Oh sure, everyone gets to command a dragon eventually -- a blue one and everything -- but man, "commanding" is not "playing" with dragons. They grow out of your shoes. No joke. Shoe Dragons. Still not playing. It's "ooh, look at the pretty interludes with dragons and creepy china dolls." This is just old-school RPG gaming at heart, and that school closed due to lack of attendance a long time ago (well, it did in North America, but Microsoft feels compelled to grasp at the last remaining vestige of RPG game buyers known as Final Fantasy fans.)

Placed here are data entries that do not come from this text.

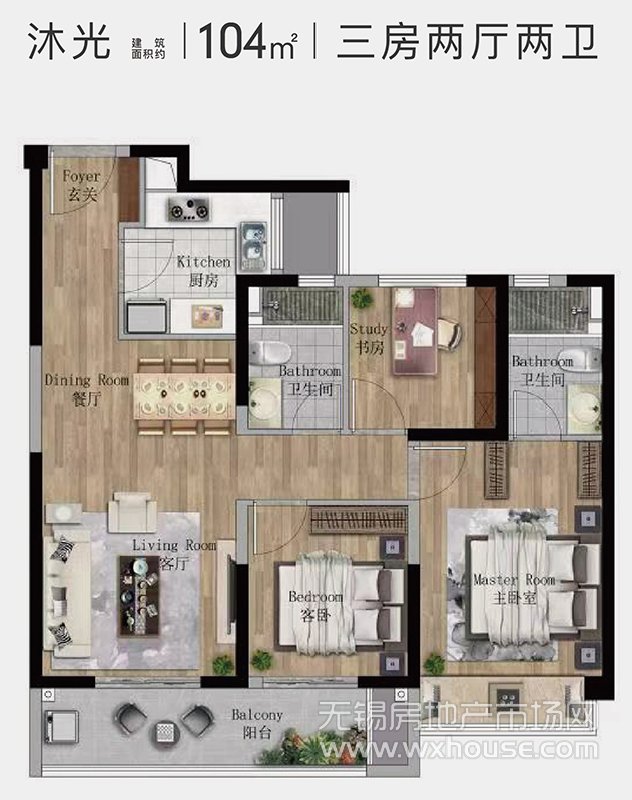 3室2厅2卫 建筑面积约:104.0㎡沐光户型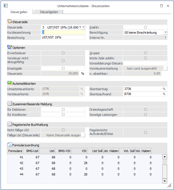 Da die Position 68 für den Übertrag benötigt wird (die Steuer wird auf Grundlage der BMG errechnet) und der Übertrag auch im Formular 44 (2. Seite) angedruckt werden muss, muss in allen Steuerzeilen (Umsatzsteuerzeilen mit 19 %) im Feld BMG-Ust die Position 67 und im Feld USt die Position 68 ebenfalls eingetragen werden.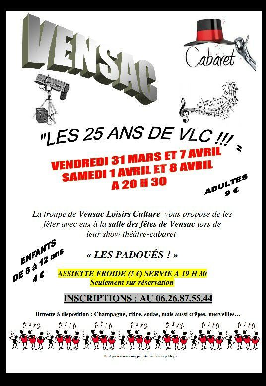 La troupe de Vensac Loisirs Culture vous propose de les fêter lors de leur show théâtre cabaret : "Les Padoués !"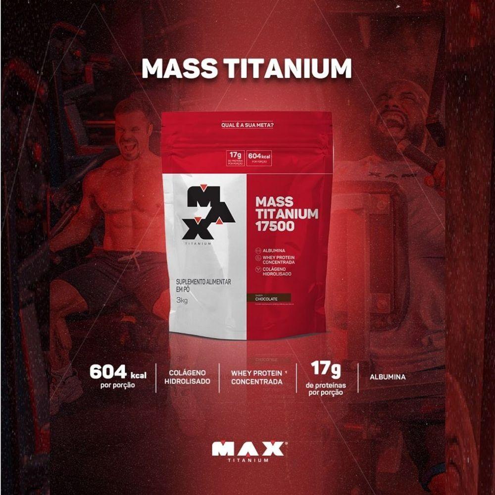 Mass Titanium 17500 (3kg) - Sabor: Vitamina De Frutasmass Titanium - Max Titanium Hipercalóricos São Compostos Por Carboidratos E Proteínas De Alto Valor Biológico, Vitaminas E Minerais. É Indicado Para Quem Tem O Metabolismo Acelerado E Dificuldade De Ganhar Massa Magra. Ajuda No Ganho De Volume De Massa Muscular E Peso, Melhora A Performance, Supre Necessidades De Energia E Auxilia Na Recuperação Pós-treino. Apresentam Composições De Carboidratos E Proteínas De Alto Valor Biológico, Contendo Proteína Concentrada Do Soro Do Leite (wpi), Albumina E Colágeno Hidrolisado, Contribui Para Um Bom Aporte Calórico Diário, Especialmente Para Pessoas Que Tem Dificuldade De Ganhar Peso Corporal, Auxilia No Aumento Do Glicogênio Muscular E Sintese De Glicogênio Também. Mass Titanium Contém Em Sua Fórmula Exclusiva Três Tipos De Proteínas Com Alto Valor Biológico: Whey Protein Concentrada, Colágeno Hidrolisado E Albumina Do Ovo. Os Hipercalóricos São Indicados Para Pessoas Que Têm O Metabolismo Muito Acelerado E Que Querem Ganhar Peso. Benefícios:* Aumento Do Aporte Calórico,* Aumento De Energia,* Recuperação De Glicogênio Muscular, * Aumento Do Peso Corporal.informação Nutricional Mass Titanium (3kg) - Max Titaniumporção De 160g (5 Dosadores Cheios)quantidade Por Porção%vd(*)valor Energético604kcal=2.537kj30carboidratos132g44proteínas17g23gorduras Totais0,9g2gorduras Saturadas0,4g2gorduras Trans0g-fibra Alimentar0g0sódio183mg8cálcio151mg15* % Valores Diários Com Base Em Uma Dieta De 2.000kcal Ou 8400kj. Seus Valores Diários Podem Ser Maiores Ou Menores Dependendo Das Suas Necessidades Energéticas. Obs: Pode Haver Pequenas Variações Na Informação Nutricional, De Acordo Com O Sabor. Informação Nutricional Mass Titanium (3kg) - Max Titanium - Leite Condensadoporção De 160g (5 Dosadores Cheios)quantidade Por Porção%vd(*)valor Energético609kca31carboidratos134g45açúcares Totais17g Açúcares Adicionados1122proteínas17g34gorduras Totais0,5g1sódio294g15cálcio101mg10* % Valores Diários Com Base Em Uma Dieta De 2.000kcal Ou 8400kj. Seus Valores Diários Podem Ser Maiores Ou Menores Dependendo Das Suas Necessidades Energéticas. Obs: Pode Haver Pequenas Variações Na Informação Nutricional, De Acordo Com O Sabor. Informação Nutricional Mass Titanium (3kg) - Max Titanium - Chocolateporção De 160g (5 Dosadores Cheios)quantidade Por Porção%vd(*)valor Energético610kcal31carboidratos133g44açúcares Totais17g Açúcares Adicionados11g22proteínas17g34gorduras Totais0,9g2gorduras Saturadas0,4g2gorduras Trans0g-fibra Alimentar0g0sódio287mg14cálcio98mg10* % Valores Diários Com Base Em Uma Dieta De 2.000kcal Ou 8400kj. Seus Valores Diários Podem Ser Maiores Ou Menores Dependendo Das Suas Necessidades Energéticas. Obs: Pode Haver Pequenas Variações Na Informação Nutricional, De Acordo Com O Sabor.

Ultimately, playing through a "classic" RPG like Blue Dragon only serves to remind you of why you don't play RPGs from 1998 anymore. Move around a bit, cut to a scene of a treasure chest opening and coughing up a coin or magical hairclip, cut back to moving around for a few more steps, talk to some people and read what they say, take a few steps back to where you came from, kick a rock to see if there's any gold in it, randomly encounter a minion of some sort (many minions, eventually) whereupon you and it take turns doing grade 2 math by subtracting from each other's hit points (HP) with a meaningful mash on the button that makes you attack with the meanest HP-subtractor in your arsenal while magical buddy A uses his/her turn to lay some magical addition on your dwindling HP. Then collect the baubles the minion coughs up and gain experience points (more math) to great fanfare but no confetti. Then do it all again. Every few seconds. For 2 freakin' discs. While swapping from disc 1 to disc 2, say "you bastard" like you mean it and you'll feel better. Or you'll run out and buy Oblivion, a real, modern RPG from Bethesda with a firm grasp on another type of game buying demographic: Gamers.